Recipe 196
Name:
Recipe name and category: Hummingbird Cake, Dessert
No. of servings: One 3 layer
cake
Preparation time:
Recipe ingredients and directions:
3 cups all-purpose flour
1 tsp baking soda
½ tsp salt
2 cups sugar
1 tsp ground cinnamon
3 eggs, beaten
¾ cup vegetable oil
1-1/2 tsp vanilla extract
1-8 oz can crushed pineapple, undrained
1 cup pecans, chopped
1-3/4 cups bananas, mashed
½ cup pecans, chopped
cream cheese frosting
Combine first 5 ingredients in a large bowl; add eggs and
oil, stirring until dry ingredients are moistened. Do not beat. Stir in
vanilla, pineapple, 1 cup pecans, and bananas.

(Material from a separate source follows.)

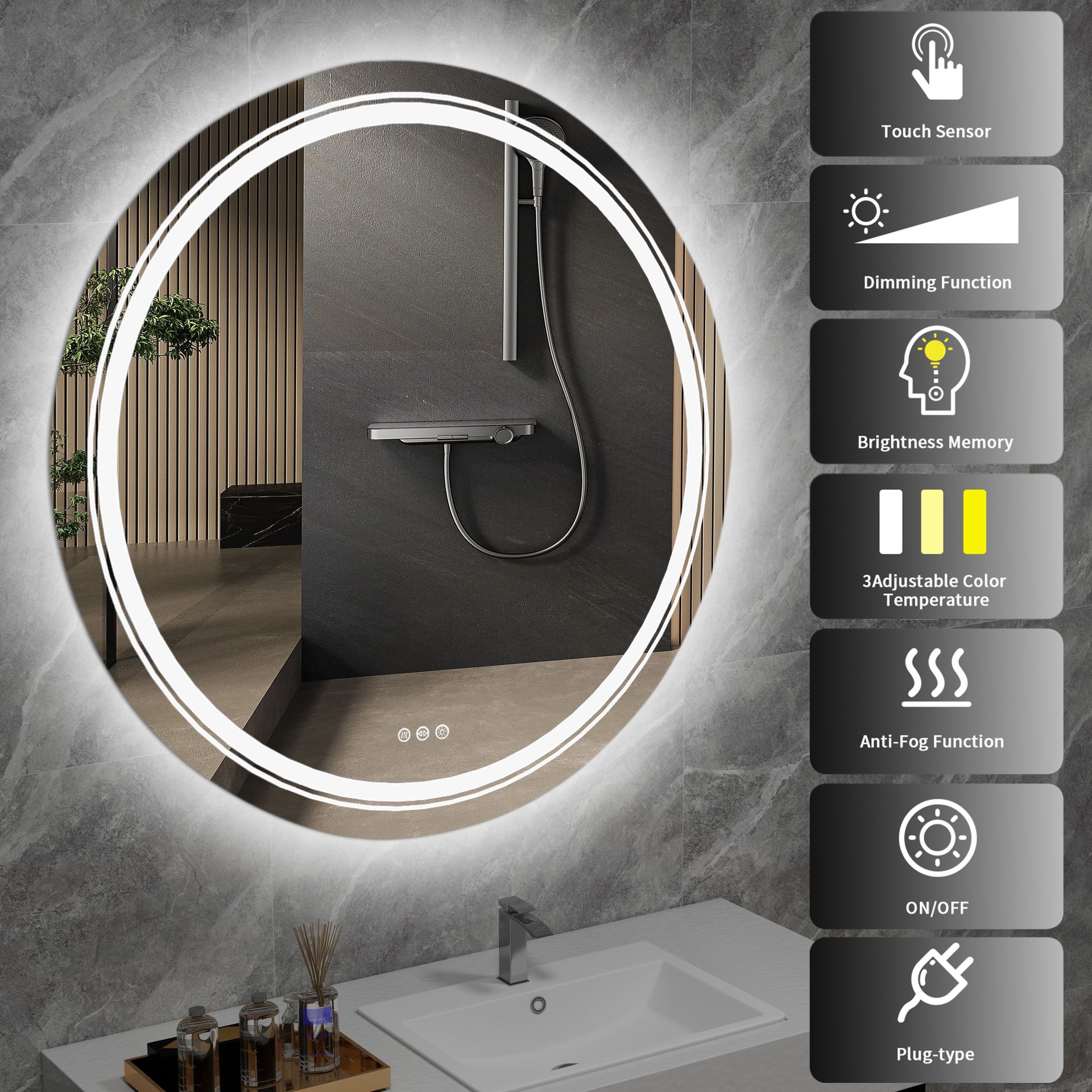 Zastosowane podświetlenie LED gwarantuje równomierne i energooszczędne oświetlenie twarzy, ułatwiając codzienną pielęgnację oraz wykonywanie makijażu. Lustro z regulacją jasności pozwala dopasować natężenie światła do aktualnych potrzeb użytkownika. Możliwość wyboru światła zimnego lub ciepłego sprawia, że lustro LED do łazienki pozwala stworzyć odpowiedni klimat w pomieszczeniu oraz zapewnia komfortowe warunki podczas porannej i wieczornej rutyny.

Pour batter into 3 greased and floured 9 inch round cake
pans. Bake at 350° for 23 to 28 minutes
or until a wooden pick inserted in center comes out clean. Cool in pans 10 minutes; remove from pans,
and let cool completely on wire racks.
Stir ½ cup pecans into cream cheese frosting, if desired, or
reserve them to sprinkle over top of frosted cake. Spread frosting between layers and on top and sides of cake.
Cream Cheese Frosting:
½ cup butter or margarine, softened
1-8 oz package cream cheese, softened
1-16 oz package powdered sugar, sifted
1 tsp vanilla extract
Cream butter and softened cream cheese. Gradually add powdered sugar; beat until light and fluffy. Stir in vanilla.
Recipe source: Ann Marie Haldeman,
sister-in-law
Recipe anecdote: This cake is fabulous!